Мать Малыша была красивой томной блондинкой: нежная кожа, волнистые, идеально уложенные волосы, красивые голубые глаза, но без той пронзительной глубины, как у ее удивительного сына, припухлые губы, делающие лицо мягче и притягательнее. Чуть полноватая фигура, обтянутая идеально сидящим трикотажным платьем, выгодно подчеркивающим ее женственные формы. Тихий, завораживающе томный голос – слушать его, казалось, можно было бы бесконечно, если бы не тот убийственный текст, который прозвучал из ее уст тогда, в больничном коридоре. Отец Малыша был значительно старше матери, отрешенный задумчивый очкарик с залысинами в дорогом, идеально сидящем костюме, с потрепанным портфелем, к которому, вероятно, он никого не подпускал, даже жену. Он его все время обнимал и поглаживал, вероятно, значительно чаще и крепче, чем собственного ребенка. Малыша они даже не обняли, уходя и оставляя его умирать.

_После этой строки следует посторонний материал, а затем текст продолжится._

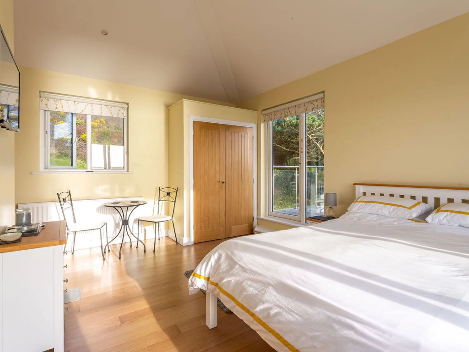 Bedroom 1 (Ground Floor): Kingsize room with Smart TV, wardrobe, chest of drawers and wash basin.
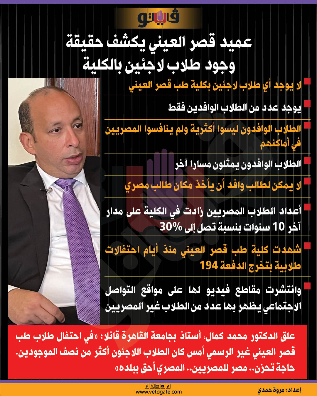 عميد قصر العيني يكشف حقيقة وجود طلاب لاجئين بالكلية (إنفوجراف)

Она навсегда запомнила, как он смотрел им вслед. Любя… и как будто прощая. Зная, что они отказываются от него навсегда. Ей до сих пор непонятно, откуда в нем столько любви. Ведь его растили эти человеческие огрызки.
Ох, зачем опять эти воспоминания, от них точно не уснешь. Ярость душит ее и заставляет подняться.
Она подходит к окну, отдергивает шторы. Темный город лежит перед ней, в темноте не видно его ран. Легко представить, что не было никакой войны, попыток правдами и неправдами вывезти население в «благоустроенные зоны». В темноте кажется, что все по-старому: город жив, он проснется утром, наполнится привычным шумом. Дети пойдут в школу, она сварит кофе и поедет на велосипеде в больницу. Телевизор оповестит о том, что творится в большом мире, а Зоя Ивановна, старшая сестра, расскажет местные новости и сплетни. И ей не надо будет гадать, кто же такие эти пятеро детей и высокая женщина, бредущие через полуразрушенный город.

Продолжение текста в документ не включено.